Former Doosan NC KT coach Kim Kwang-rim runs the Kim Kwang-rim Baseball School and the Bundang-gu B Little Baseball Team in Imae-dong, Bundang-gu, Seongnam-si.
We recently received some good news. The news that Choi Ji Woong (19), a right-hander from Cheongdam High School, was selected by the KIA Tigers with the 56th overall pick in the sixth round of the 2024 KBO Draft. A fireballer with an imposing frame of 1.88 meters and 90 kilograms, he throws a fastball that tops out at nearly 150 kilometers. He has the makings of a big league pitcher if he refines his delivery and game management.굿모닝토토 주소
I’ve been on the road to nurturing dreamers with a sense of mission. His diligence and hard work are bearing fruit one by one.
There were many unspeakable difficulties. In the aftermath of the COVID-19 gathering ban, I lost my students. Even her house had to be mortgaged to the bank. Despite the unbearable economic pressure, I survived with only a sense of mission.
There were temptations.
A proven batting theorist with both theory and experience. Professional teams are still in demand.
“I was approached by professional teams such as Lotte to become a coach, but I politely declined, because I was good enough to play professionally, and I had made a decision when I started my dream job.”
“When I was younger, I had to give up middle school because my family was poor. Baseball saved my life because I was able to go to college and play professionally.”
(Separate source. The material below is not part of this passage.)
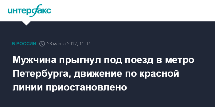 Санкт-Петербург. 23 марта. INTERFAX.RU - Мужчина прыгнул под поезд на станции петербургского метрополитена "Балтийская" в пятницу днем, сообщил "Интерфаксу" источник в правоохранительных органах.

The former Chungnam Middle and High School Gongju player was considered one of the big three in the Chungcheong region along with Han Dae-un and Lee Sang-gun. A sophisticated player who represented the KBO League with a colorful career that included the 1993 Golden Glove for outfielders, the 1995 Korean Baseball Organization batting title, and the Korea-Japan Super Games team. If he had given up on his dream of playing baseball, there would be no Kim Kwang-rim today and no Baseball School.
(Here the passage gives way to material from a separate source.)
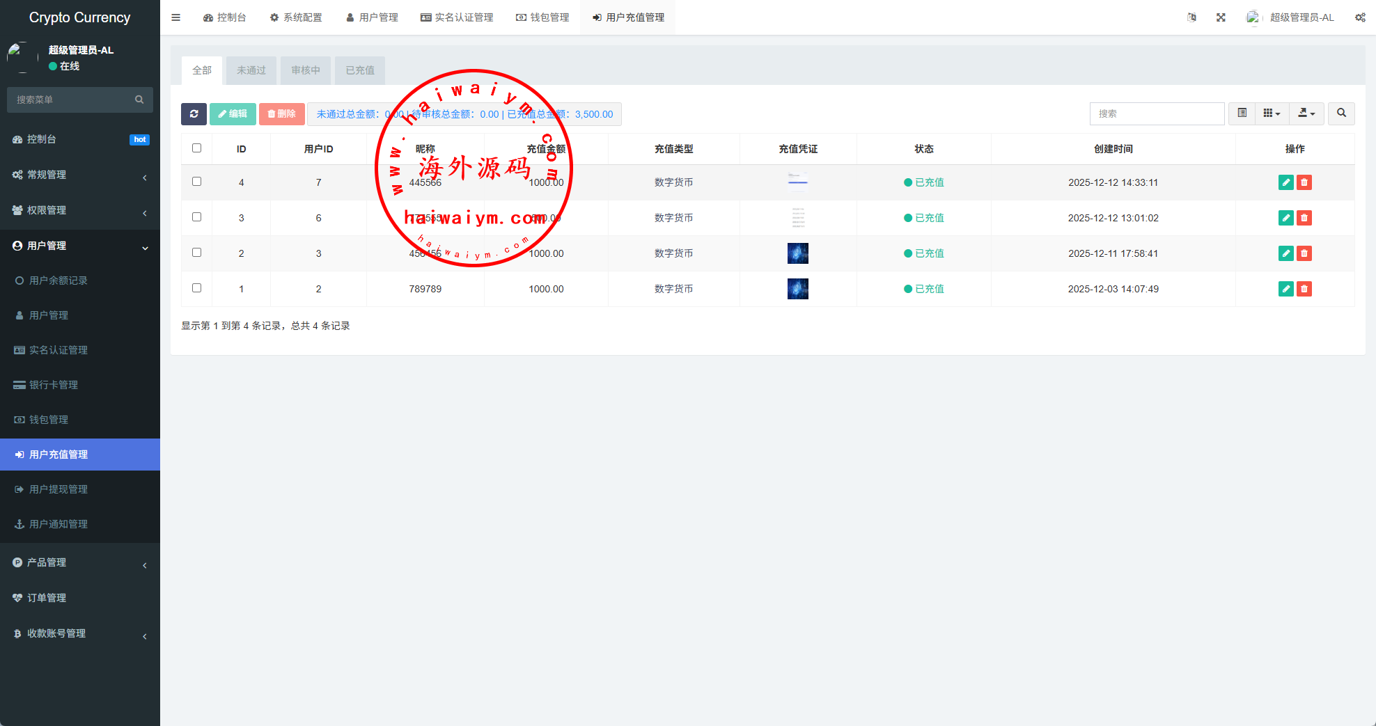 系统功能:信用分,VIP等级,实名认证,银行卡usdt充值提现,用户单控,订单控制等功能

Baseball School runs specialized classes for different purposes and levels, including youth, elite, and social baseball.
The dream class is divided into three parts. There is a professional class of about 30 players, a hobby class of 80 to 85 players, and a development class (Dreamers) in between.
Just like learning taekwondo for physical fitness as a child, children who are naturally exposed to baseball through the hobby class are checked for their potential as players in the dream class. A hobby can naturally become a career in the future.
Coach Kim Byung-seung, a former NC Dinos pitcher, is in charge of pitching, and coach Song Chan-hyuk, a former KIA Tigers outfielder, is in charge of defense and hitting. In addition, there are five other coaches, including physical education instructors and coaches specializing in training, who passionately guide students.
Kim Kwang-rim, who specializes in batting instruction, has been teaching since he was a professional.
He lets the players do what they want to do, utilizing their individuality. When they hit a wall and ask for advice, he gives them a one-point lesson.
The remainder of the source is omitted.